**EXERCISE PROMPT**:
All lines from the first line of the material up to and including the line with "3.3 流量计型号规格、基本参数" must be copied exactly, and no others.

▼

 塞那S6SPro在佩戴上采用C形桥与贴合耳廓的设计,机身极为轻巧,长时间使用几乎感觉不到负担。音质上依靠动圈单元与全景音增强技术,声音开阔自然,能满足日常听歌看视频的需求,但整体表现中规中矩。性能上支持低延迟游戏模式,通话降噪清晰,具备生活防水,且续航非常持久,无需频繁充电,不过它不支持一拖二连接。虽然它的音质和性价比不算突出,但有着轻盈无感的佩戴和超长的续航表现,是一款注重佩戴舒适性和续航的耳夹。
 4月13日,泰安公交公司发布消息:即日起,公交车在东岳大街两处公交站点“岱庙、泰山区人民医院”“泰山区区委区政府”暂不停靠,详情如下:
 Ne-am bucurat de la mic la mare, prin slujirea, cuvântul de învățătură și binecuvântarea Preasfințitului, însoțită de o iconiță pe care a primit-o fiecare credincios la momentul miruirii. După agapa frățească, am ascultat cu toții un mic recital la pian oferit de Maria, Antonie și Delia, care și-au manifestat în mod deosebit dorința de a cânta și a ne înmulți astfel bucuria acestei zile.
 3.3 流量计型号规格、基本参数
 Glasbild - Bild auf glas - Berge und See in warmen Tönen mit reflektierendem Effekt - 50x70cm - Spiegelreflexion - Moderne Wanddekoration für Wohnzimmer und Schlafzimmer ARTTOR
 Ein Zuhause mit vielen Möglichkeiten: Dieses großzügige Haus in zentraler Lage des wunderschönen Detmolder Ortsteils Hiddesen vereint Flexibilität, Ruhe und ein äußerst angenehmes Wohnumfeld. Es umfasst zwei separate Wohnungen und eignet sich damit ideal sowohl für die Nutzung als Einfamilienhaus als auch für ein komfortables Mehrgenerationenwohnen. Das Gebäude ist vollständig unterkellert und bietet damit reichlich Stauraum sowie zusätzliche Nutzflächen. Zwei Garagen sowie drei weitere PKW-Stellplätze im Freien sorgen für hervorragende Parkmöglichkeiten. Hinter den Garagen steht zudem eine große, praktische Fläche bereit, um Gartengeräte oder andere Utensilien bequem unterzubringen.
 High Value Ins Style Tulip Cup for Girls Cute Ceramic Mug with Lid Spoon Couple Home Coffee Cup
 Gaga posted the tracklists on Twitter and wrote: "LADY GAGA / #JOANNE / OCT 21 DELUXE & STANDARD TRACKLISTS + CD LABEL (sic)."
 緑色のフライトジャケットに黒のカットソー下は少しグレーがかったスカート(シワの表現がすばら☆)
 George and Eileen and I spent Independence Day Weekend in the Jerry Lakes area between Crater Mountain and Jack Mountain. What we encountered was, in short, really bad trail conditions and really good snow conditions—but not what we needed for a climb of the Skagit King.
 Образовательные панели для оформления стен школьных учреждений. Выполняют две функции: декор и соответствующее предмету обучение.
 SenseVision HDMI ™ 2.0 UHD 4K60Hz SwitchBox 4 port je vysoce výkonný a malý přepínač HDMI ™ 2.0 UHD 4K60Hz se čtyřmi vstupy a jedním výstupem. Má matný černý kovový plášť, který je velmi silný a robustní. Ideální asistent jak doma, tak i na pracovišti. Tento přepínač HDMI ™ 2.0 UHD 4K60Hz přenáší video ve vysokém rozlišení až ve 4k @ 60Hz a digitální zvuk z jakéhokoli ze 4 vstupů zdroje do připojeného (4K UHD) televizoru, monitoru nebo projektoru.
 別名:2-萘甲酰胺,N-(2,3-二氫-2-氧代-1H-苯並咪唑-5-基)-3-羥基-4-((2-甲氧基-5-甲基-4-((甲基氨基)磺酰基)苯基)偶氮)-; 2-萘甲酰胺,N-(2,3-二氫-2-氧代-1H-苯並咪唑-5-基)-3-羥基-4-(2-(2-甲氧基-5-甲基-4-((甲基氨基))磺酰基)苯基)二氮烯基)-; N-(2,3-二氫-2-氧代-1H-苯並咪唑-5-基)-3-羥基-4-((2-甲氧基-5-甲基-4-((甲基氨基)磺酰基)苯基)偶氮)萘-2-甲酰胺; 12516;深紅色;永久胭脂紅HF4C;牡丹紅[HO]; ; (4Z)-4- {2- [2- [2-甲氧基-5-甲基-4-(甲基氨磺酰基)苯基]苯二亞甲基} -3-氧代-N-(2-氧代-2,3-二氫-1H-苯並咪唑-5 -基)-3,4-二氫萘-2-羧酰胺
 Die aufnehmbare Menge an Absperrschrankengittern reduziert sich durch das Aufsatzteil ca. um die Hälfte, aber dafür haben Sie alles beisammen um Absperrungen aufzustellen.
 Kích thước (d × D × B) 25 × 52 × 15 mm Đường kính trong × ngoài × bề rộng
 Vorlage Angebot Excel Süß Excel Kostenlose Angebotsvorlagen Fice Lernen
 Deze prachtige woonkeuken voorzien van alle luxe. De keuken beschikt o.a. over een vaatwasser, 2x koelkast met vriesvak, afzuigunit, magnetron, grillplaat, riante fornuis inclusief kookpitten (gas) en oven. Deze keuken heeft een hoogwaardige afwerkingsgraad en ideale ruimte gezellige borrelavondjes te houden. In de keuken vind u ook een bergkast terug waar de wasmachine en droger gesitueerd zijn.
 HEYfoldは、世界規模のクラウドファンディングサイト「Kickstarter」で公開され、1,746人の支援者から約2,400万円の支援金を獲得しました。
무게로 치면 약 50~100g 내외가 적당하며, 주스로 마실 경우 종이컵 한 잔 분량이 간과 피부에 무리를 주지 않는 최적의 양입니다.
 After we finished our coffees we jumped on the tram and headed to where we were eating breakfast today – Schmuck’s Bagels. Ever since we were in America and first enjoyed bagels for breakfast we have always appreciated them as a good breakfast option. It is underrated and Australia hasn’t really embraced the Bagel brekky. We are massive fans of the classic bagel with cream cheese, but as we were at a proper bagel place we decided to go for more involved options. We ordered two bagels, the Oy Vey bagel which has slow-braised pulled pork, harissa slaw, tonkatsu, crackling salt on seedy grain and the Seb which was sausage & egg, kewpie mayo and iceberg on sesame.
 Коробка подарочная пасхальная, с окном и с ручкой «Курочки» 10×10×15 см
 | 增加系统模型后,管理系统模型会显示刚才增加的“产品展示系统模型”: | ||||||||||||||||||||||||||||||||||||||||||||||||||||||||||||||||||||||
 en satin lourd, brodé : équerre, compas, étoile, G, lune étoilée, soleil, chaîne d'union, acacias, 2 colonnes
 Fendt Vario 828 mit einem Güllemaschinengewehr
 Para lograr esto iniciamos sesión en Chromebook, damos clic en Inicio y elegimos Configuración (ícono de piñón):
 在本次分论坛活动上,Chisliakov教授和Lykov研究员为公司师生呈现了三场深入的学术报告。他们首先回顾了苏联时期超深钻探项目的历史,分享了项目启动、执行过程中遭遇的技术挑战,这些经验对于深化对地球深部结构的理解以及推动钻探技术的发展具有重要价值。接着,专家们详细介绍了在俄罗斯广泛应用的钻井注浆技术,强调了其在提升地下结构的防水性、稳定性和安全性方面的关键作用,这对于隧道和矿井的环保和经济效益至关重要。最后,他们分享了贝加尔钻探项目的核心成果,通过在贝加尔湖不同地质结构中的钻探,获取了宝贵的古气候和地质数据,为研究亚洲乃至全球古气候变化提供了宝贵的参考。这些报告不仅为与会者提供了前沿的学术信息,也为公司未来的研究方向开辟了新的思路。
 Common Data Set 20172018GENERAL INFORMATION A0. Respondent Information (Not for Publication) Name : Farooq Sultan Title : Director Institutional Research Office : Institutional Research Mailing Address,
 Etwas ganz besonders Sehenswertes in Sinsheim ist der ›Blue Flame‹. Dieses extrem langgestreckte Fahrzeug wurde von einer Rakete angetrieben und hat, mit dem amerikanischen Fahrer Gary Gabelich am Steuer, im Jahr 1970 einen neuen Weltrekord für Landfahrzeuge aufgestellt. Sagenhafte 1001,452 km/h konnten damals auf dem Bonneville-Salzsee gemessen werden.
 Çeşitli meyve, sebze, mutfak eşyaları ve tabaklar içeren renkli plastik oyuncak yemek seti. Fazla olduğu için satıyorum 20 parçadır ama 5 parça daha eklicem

▲

**ANSWER SECTION**:
 塞那S6SPro在佩戴上采用C形桥与贴合耳廓的设计,机身极为轻巧,长时间使用几乎感觉不到负担。音质上依靠动圈单元与全景音增强技术,声音开阔自然,能满足日常听歌看视频的需求,但整体表现中规中矩。性能上支持低延迟游戏模式,通话降噪清晰,具备生活防水,且续航非常持久,无需频繁充电,不过它不支持一拖二连接。虽然它的音质和性价比不算突出,但有着轻盈无感的佩戴和超长的续航表现,是一款注重佩戴舒适性和续航的耳夹。
 4月13日,泰安公交公司发布消息:即日起,公交车在东岳大街两处公交站点“岱庙、泰山区人民医院”“泰山区区委区政府”暂不停靠,详情如下:
 Ne-am bucurat de la mic la mare, prin slujirea, cuvântul de învățătură și binecuvântarea Preasfințitului, însoțită de o iconiță pe care a primit-o fiecare credincios la momentul miruirii. După agapa frățească, am ascultat cu toții un mic recital la pian oferit de Maria, Antonie și Delia, care și-au manifestat în mod deosebit dorința de a cânta și a ne înmulți astfel bucuria acestei zile.
 3.3 流量计型号规格、基本参数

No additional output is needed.